No thanks. I don’t need any more advertising or data tracking in my life. I’ll continue to use the free wifi provided by businesses (I’m writing this at Midpoint, and will follow up either at the Shoe or Stillwell), or pay for it myself via my personal hot spot.
Still more advertising

Not content with forcing advertising upon the citizenry without their consent at municipal facilities (see “eyeball tax,” at the bottom of this Morning File), using city arenas as billboards for usurious banks, or bombarding us with advertising via the proposed downtown wifi system, council is also considering approving advertising basically everywhere in the suburbs: signs in empty lots, ads wrapping around light posts in parking lots, and sandwich boards all over the place.
The film Minority Report envisioned a nightmare society in the near-future where people are targeted by advertising at every conceivable point in their lives. It got the spiders wrong—the spying machines will be drones, not land-based—and the precrime unit is still being assembled, but otherwise the film was dead-on.
Good job, Halifax, making the dystopia real.
Africville dog park replacement
It looks like the Africville dog park issue is heading towards resolution. As I reported in July, an initially contentious public meeting over the issue simmered down when nearly all present agreed that moving the dog park over to the Mainland Common was a sensible compromise that almost everyone liked. Staff has put together a report which will make that move happen, should council agree.

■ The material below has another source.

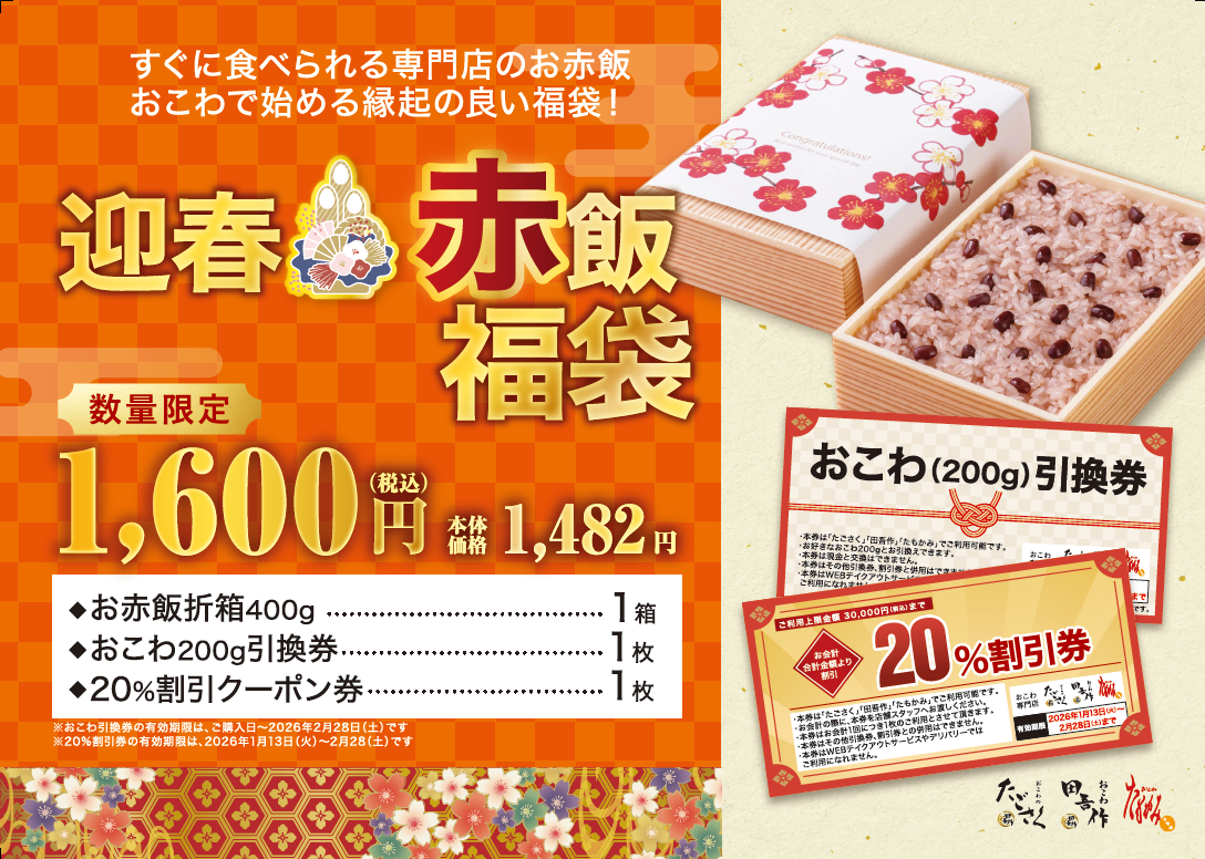 株式会社グリーンハウスフーズが展開するおこわ専門店「たごさく」「たもかみ」では、日ごろの感謝の気持ちを込め、全国の店舗にて、お得な福袋を2026年1月1日(木)から数量限定で販売いたします。

The new dog park will be in this area, south of the artificial sports fields and Westridge Ball Field:
The grassy section of the area can be ready for the end-of-year deadline council had set for a replacement park, but the forested area won’t be ready until spring, because a fence and other improvements will have to be constructed. Those costs will be included in the annual city budget, which council deals with in April.
Other issues
I don’t think there will be much discussion on these issues, but you never know.
The Transportation Standing Committee has been discussing changing the building codes to require accessible door levers and bathroom fixtures in new housing. This shouldn’t be controversial, but people get worked up about stuff, and so the committee is moving slowly, asking building industry reps to sit on a committee to look at the proposal.
Councillor Gloria McCluskey wants to rant about gas leaks.
Councillor Reg Rankin wants the city to pay attention to the mystery walls in Bayers Lake.
WiFi Advertising:
There is an alternative path not chosen by the deep thinkers at City Hall, to understand advertising as a form of pollution, as in the brilliant case of Sao Paulo, Brazil, where billboards are banned:
https://www.adbusters.org/magazine/73/Sao_Paulo_A_City_Without_Ads.html
I suspect that when the new library opens the Wi-Fi footprint will be pretty large and will cover quite a bit of the area around the library. You’ll need a library card to log in. The library has been expanding the range of Wi-Fi at branches over the last year or so.